# AVG8.0 Free



## afendiko (Jul 21, 2008)

My operating system is XP Professional SP2. For the last two months I have been using AVG8 Free and AdAware, running them once a day. Two days ago I noticed the AVG icon in the system tray disappeared. I tried running AVG from Start>All Programs but nothing happened when I clicked on the icon. I tried to uninstall the program, with the intention of doing a clean reinstall, but it could not be uninstalled from Add/Remove Programs. I have attached the dropdown window that the system responded with.

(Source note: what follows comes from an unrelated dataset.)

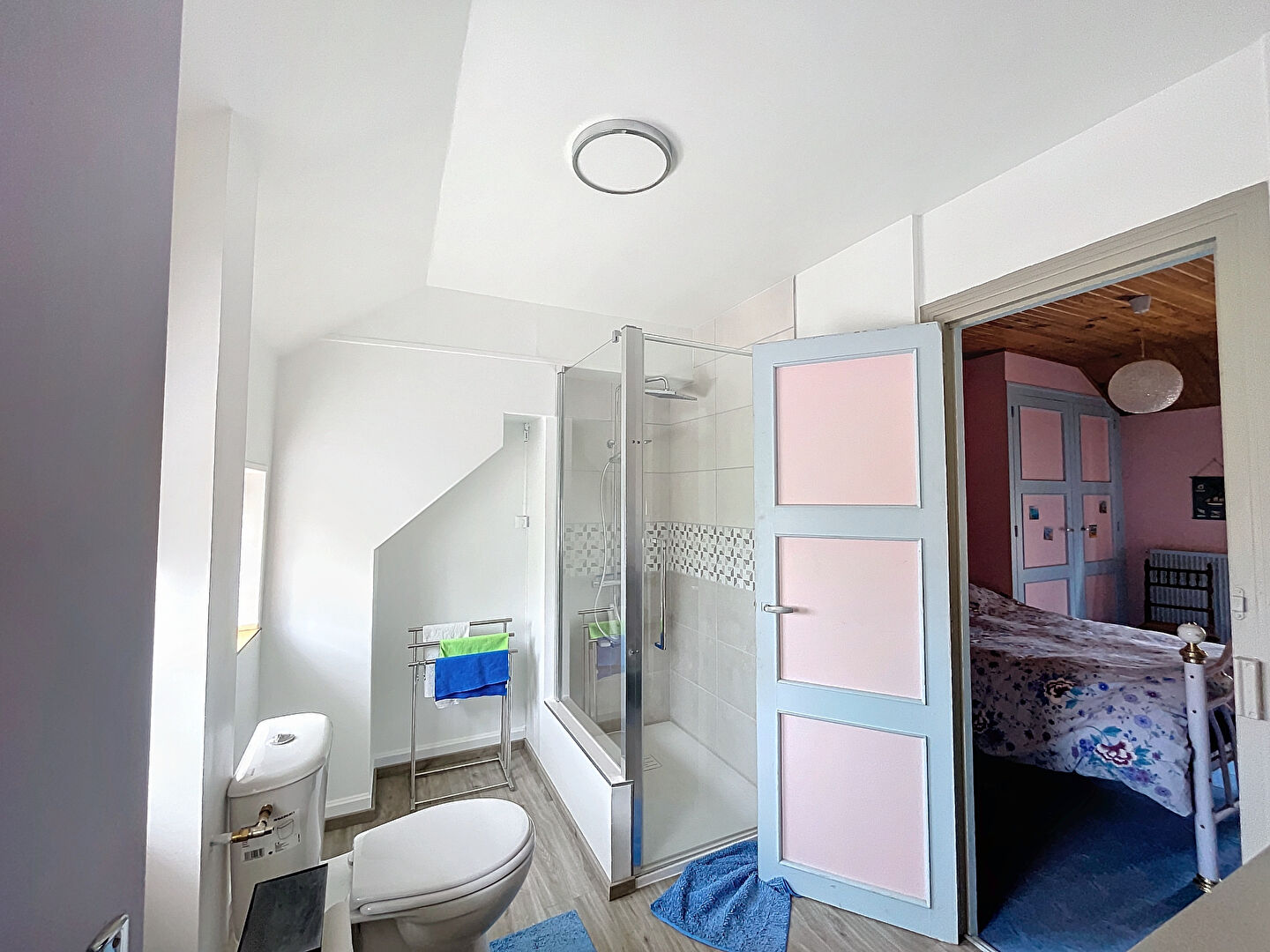 Sur plus de 4000 m² de terrain dont grand verger entretenu, bel ensemble immobilier composé de deux habitations communicantes dont une maison comprenant: véranda, cuisine, cellier,séjour avec poële scandinave, salle de bains avec wc. A l'étage: pièce palière, bureau, deux chambres, salle d'eau avec wc.

I am able to run AdAware, but not AVG. I would be very grateful for your help.


----------



## guru88 (Jun 26, 2008)

Did you uninstall the previous version?
Download ccleaner http://www.vnunet.com/vnunet/downloads/2...
Download latest AVG or AVAST
http://www.vnunet.com/vnunet/downloads/2...
http://www.vnunet.com/vnunet/downloads/2...
Uninstall AVG from control panel, then run ccleaner
then AVG or AVAST that you downloaded


----------



## tetonbob (Jan 10, 2005)

Hello, afendiko -

This is AVG's solution:

http://free.avg.com/ww.faq.num-1238#faq_1238

If you have installed AVG 8.0 Free Edition on your computer and need to install different components or repair the installation, please proceed as follows:

* please download the latest AVG installation installation file from the Download section of our website
*
When you are prompted, please do not open this file directly from the Internet, but click the "Save" button and choose a location where the installation file should be stored. We recommend saving the file to the Desktop.
* Locate the downloaded AVG installation file (it has a four color square icon and its name starts with AVG...) and launch the installation by double-clicking on it.
* The following screen will be displayed during the installation process:
Add/Remove Components - choose this option if you want to add or remove some AVG component
Repair installation - this option repairs or reinstalls missing or damaged components of AVG
Uninstall - this option removes the AVG program from your PC


----------